Herman Wouk’s War and Remembrance, published in 1978, is a beautifully written work that tells the story of America at war through the experiences of a family in the midst of it.
It’s fiction but wrapped in a strong foundation of history and research. As Wouk says “I trust that knowing readers will find that it has been presented responsibly and with care.”
The book covers the reaction to Pearl Harbour, debates about isolationism and exceptionalism, the slow and messy mobilisation of America for war and the unfolding military and production successes that followed – some a product of chance and luck, others from simple human courage and, in the end, emerging technological and production prowess.

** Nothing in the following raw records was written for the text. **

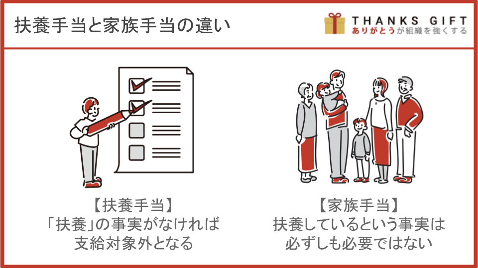 これに対し、家族手当は家族の有無や構成を判断基準にしており、扶養しているという事実は必ずしも必要ありません。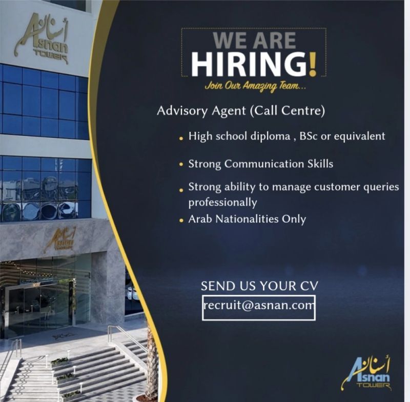 🔹 إعلان توظيف – Advisory Agent (Call Centre) – Asnan Tower – الكويت 2025
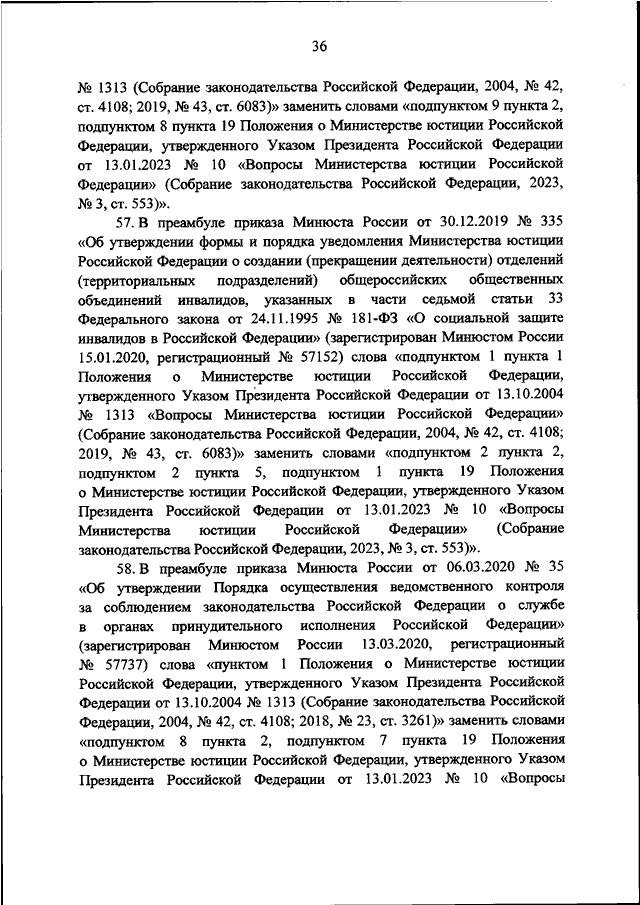 "О ВНЕСЕНИИ ИЗМЕНЕНИЙ В ПРИКАЗЫ МИНИСТЕРСТВА ЮСТИЦИИ РОССИЙСКОЙ ФЕДЕРАЦИИ В СВЯЗИ С ПРИНЯТИЕМ УКАЗА ПРЕЗИДЕНТА РОССИЙСКОЙ ФЕДЕРАЦИИ ОТ 13.01.2023 N 10 "ВОПРОСЫ МИНИСТЕРСТВА ЮСТИЦИИ РОССИЙСКОЙ ФЕДЕРАЦИИ"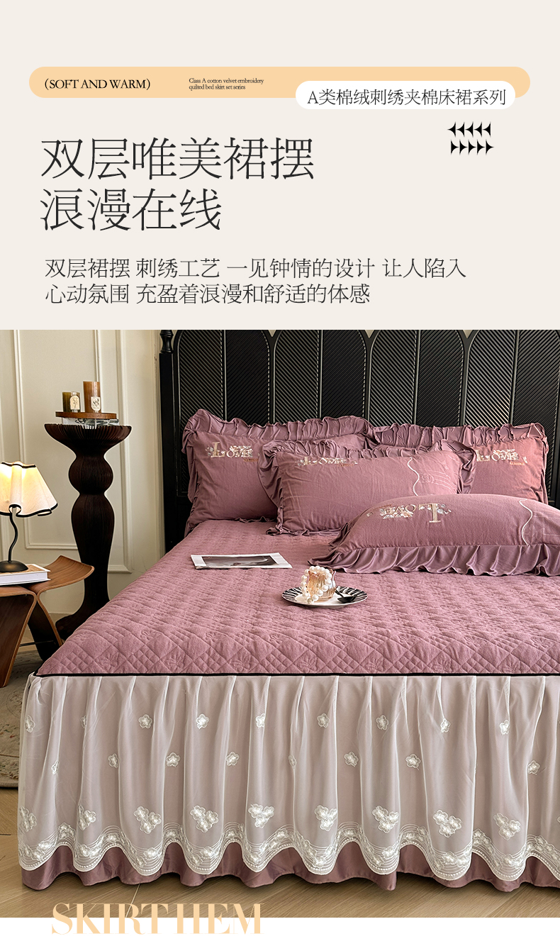 (总)宜凡家纺 2025新款兔绒提花牛奶绒夹棉床裙四件套,爱心 少女粉,爱心 粉紫,爱心 驼色,蝶舞 大红,蝶舞 米色,蝶舞 浅紫,蝶舞 玉色,简爱 苍青,简爱 豆沙紫,简爱 玉色,樱桃 苍青,樱桃 豆沙紫,樱桃 奶油白

It has plenty of the chaos and failures in war, including strategic errors on the Eastern Front and around Singapore, poorly designed torpedoes – and wandering aircraft in search of targets, on both sides of key battles.
It switches between the Pacific, Middle Eastern and European experiences of the war and a domestic America full of the concerns and interests of a country not quite convinced it is at war until well into it.
Churchill, Stalin and Roosevelt’s meetings and manoeuvrings are here too, told from the vantage of a US Navy captain who is pulled between Hawaii, Washington, Moscow, Los Alamos and key summits like the one in Tehran in 1942.
But it’s the human element that Wouk conveys best. Even in his telling of the Battle of Midway, the experiences of young pilots and older ship captains is woven in and out. The strains and impossible choices facing a small group of people trapped in German-dominated Italy and later Vichy France are told with empathy and realism.
And Wouk is wise about the common political and individual human tendency to discount the awful and horrific when it isn’t graphically and immediately present – with the story of the halting and almost wilfully blind response to the Holocaust until far too late that’s prominent through the book.
Wouk wrote for a purpose that matters now as much as when he put the pen down. His foreword tells us what that was.
“I have faith that the human spirit will prove equal to the long, heavy task of ending war.
Against the pessimistic mood of our time, I think that the human spirit – for all its dark side – is in essence heroic. The adventures narrated in this romance aim to show that essence in action.
The beginning of the end of War lies in Remembrance.”